How Druid Kafka Indexing Service works - detailed explanation

Kafka Indexing Service (KIS) is an extension for Druid that enables both real-time and historical data ingestion from Kafka topics with exactly-once guarantee.

It is meant to replace old Druid Real-Time nodes as a more reliable and flexible solution. In opposite to Real-Time node mechanism or new Tranquility feature, KIS is also able to read non-recent events from Kafka and is not subject to the window period considerations imposed on other ingestion mechanisms.

Kafka Ingestion Service uses Overlord and Middlemanager for its ingestion and indexing task.

Below we explain what is a detailed data flow, from ingestion to querying when using Kafka Ingestion Service.

  1. KIS tasks reads event stream from Kafka and creates a set of partitions stored in memory. Number of created partitions equals number of Kafka partitions * segmentGranularity interval.

  2. These partitions are save to disk when maxRowsInMemory is reached. Bear in mind that all these data (both in-memory and saved on disks) are available for query requests.

  3. When taskDuration is reached, the KIS task stops reading from Kafka and merges the spilled partitions together into a final set of partitions.

  4. This final set of partitions is moved into deep storage (S3, HDFS, NFS) and the segment descriptors are written into the metadata table. The task waits for handoff.

  5. To this moment those segments are not available to query via Historical nodes, because they're not there yet.
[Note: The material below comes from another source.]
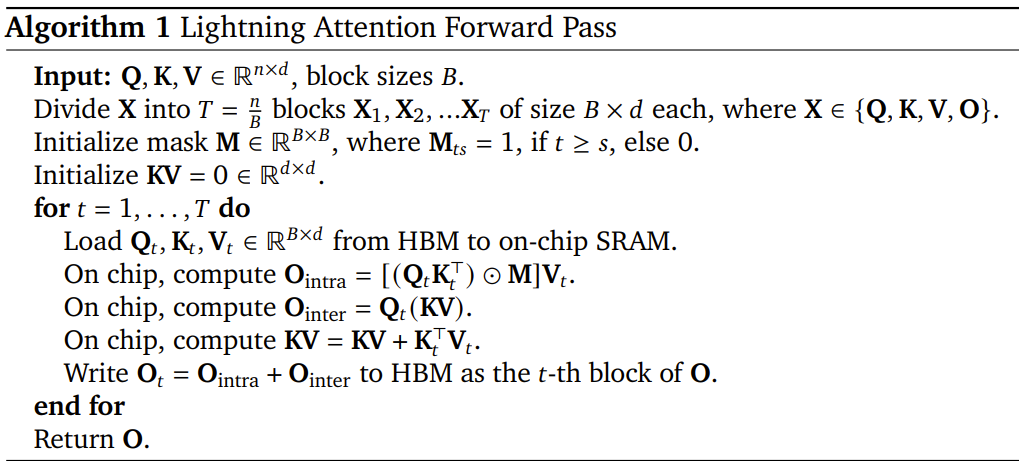 以下是 Lightning Attention 前向通过的算法描述。

So the querying requests for this data are handled by Middlemanagers.

  6. One of the Coordinator tasks is to periodically check the metadata database for new, unserved segments, and when it detects these segments, it instructs the historical nodes to load the segments according to a cost balancing algorithm.

  7. The Historical nodes pull the segments from deep storage into their local segment cache, which are then loaded into Historical server memory. The name local segment cache can be misleading, as both Historical and Broker nodes have its own, separate cache. So the local segment cache means all segments available for querying that are stored on Historical nodes.

  8. Once the Historical nodes have loaded all the segments, the indexing task is notified that it can stop serving queries for the segments it generated since the Historicals will now take over that responsibility. It's now done and the process terminates.